Database connection and details

  1. Connect to the cloud.mongodb.com (arvnan52/hp..)
  2. The connection is enabled only from 2 IP's. a. My laptop b. The digitalocean server

mongo "mongodb+srv://dvafinalproject-anotq.mongodb.net/liztd" --username --password

3. Collections:

a. reddit_submissions
    db.reddit_submissions.createIndex({title: "text", selftext: "text", id: 1, created_utc: 1})
b. reddit_comments
    Indexes: db.reddit_comments.createIndex({parent_id: 'text', body: 'text', created_utc: 1, id: 1})
c. sentiments
This collection aggregates stock price with reddit sentiment analysis and final prediction

Digital Ocean droplet:

hostname: ubuntu-s-1vcpu-1gb-nyc1-01:



The following fuctionalities were hosted on one ubuntu server hosted by digitalocean.

Daily Load:

The python script under CODE/liztd_python_load is setup as a cronjob to be executed every night.

Reddit Stream:

This is handled by the python script inside CODE/liztd_python_stream folder. This script has an open connection to monitor reddit 'wallstreetbets' stream and upload them into the mongodb database.

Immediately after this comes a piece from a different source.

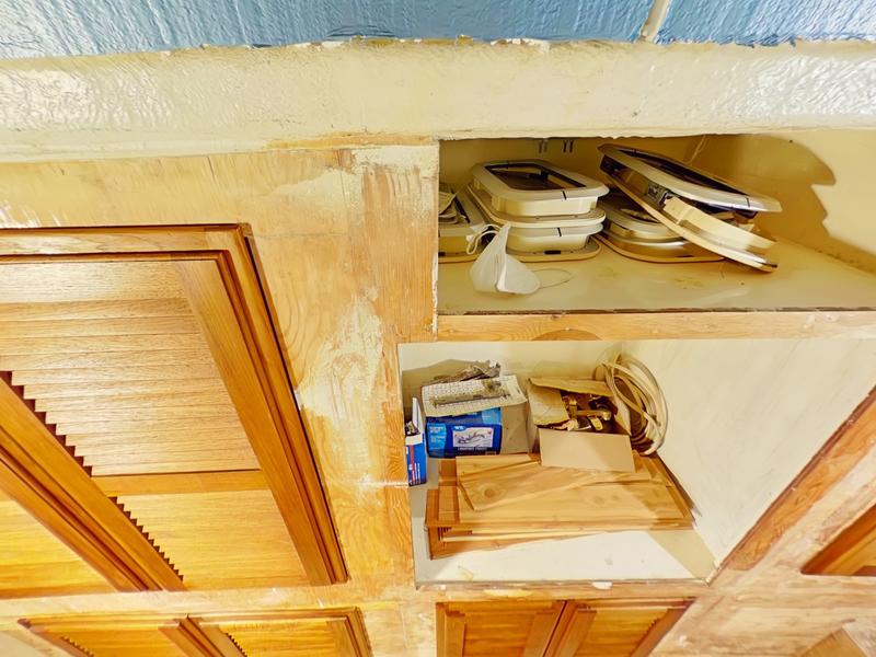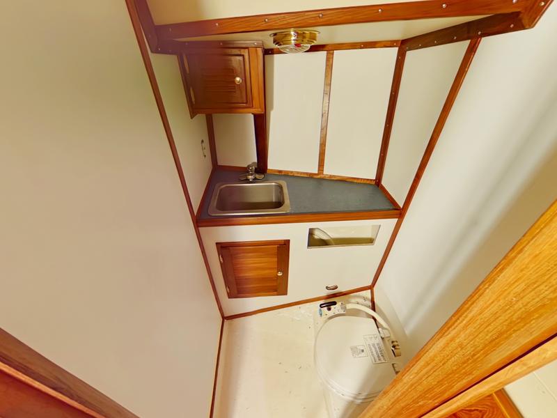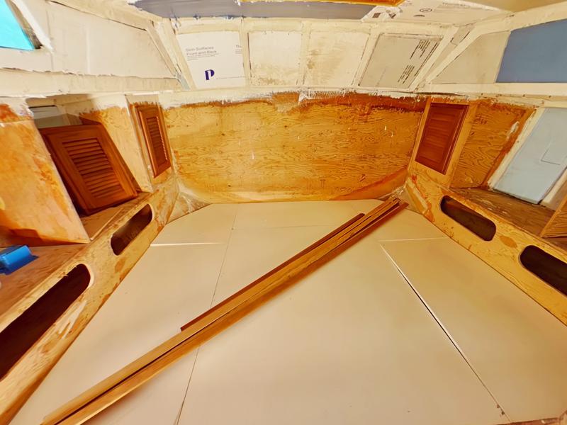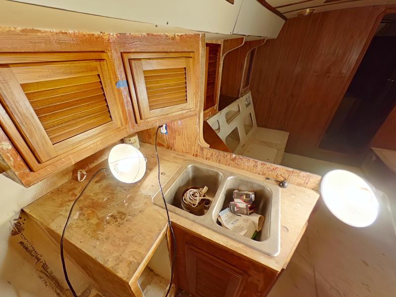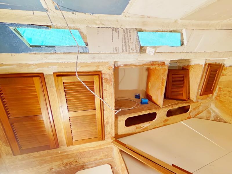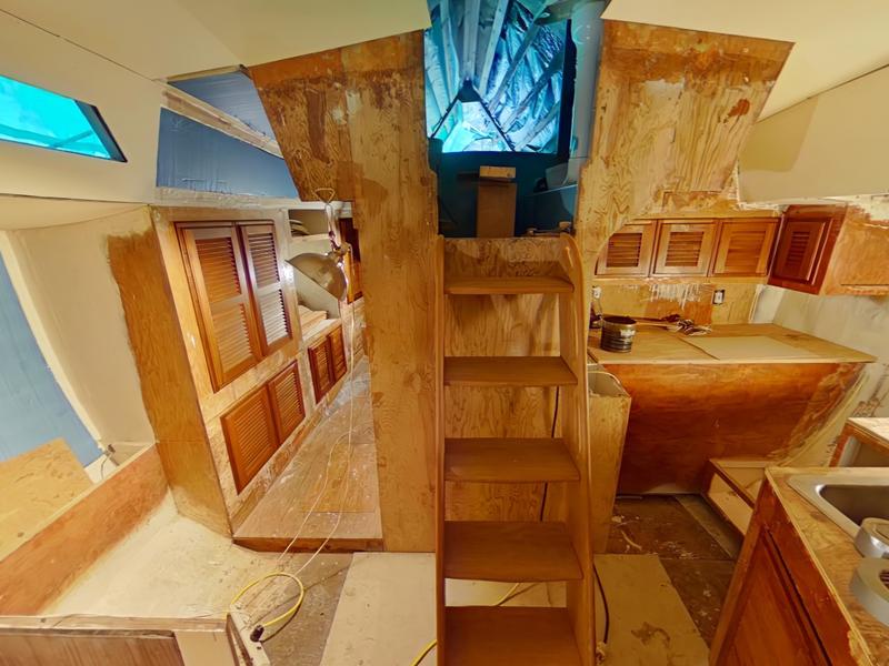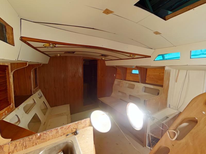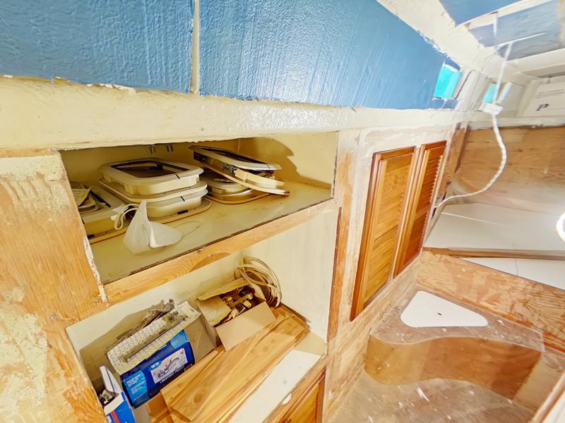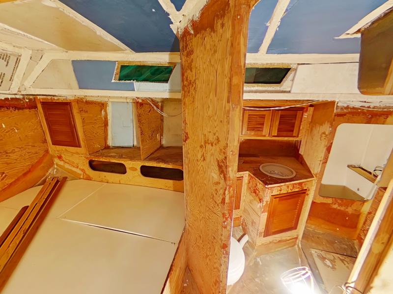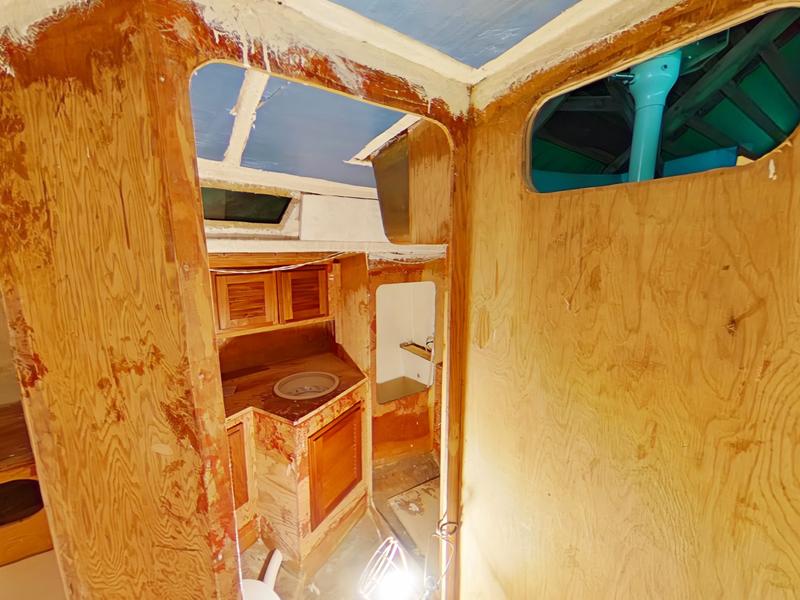 Very little glass work required; skeg needs to be finished, propeller shaft log needs to be glassed in, the rudder needs to be built and some deck repairs need to be completed. The original builder installed deck drains that leaked into the plywood deck core.

PM2 - PM2 is a process mangement tool which is setup to keep the jobs running the scheduled time for data collection.

Web Application:

    The python bottlepy based web server is hosted as an api to the database and the frontend. The project is present in CODE/liztd_python_api

    The UI is created using ReactjS, evergreen library for UI components and Recharts for charting components. The scripts neccessary to run the web ui are 
    present at CODE/liztd_ui/readme.md file.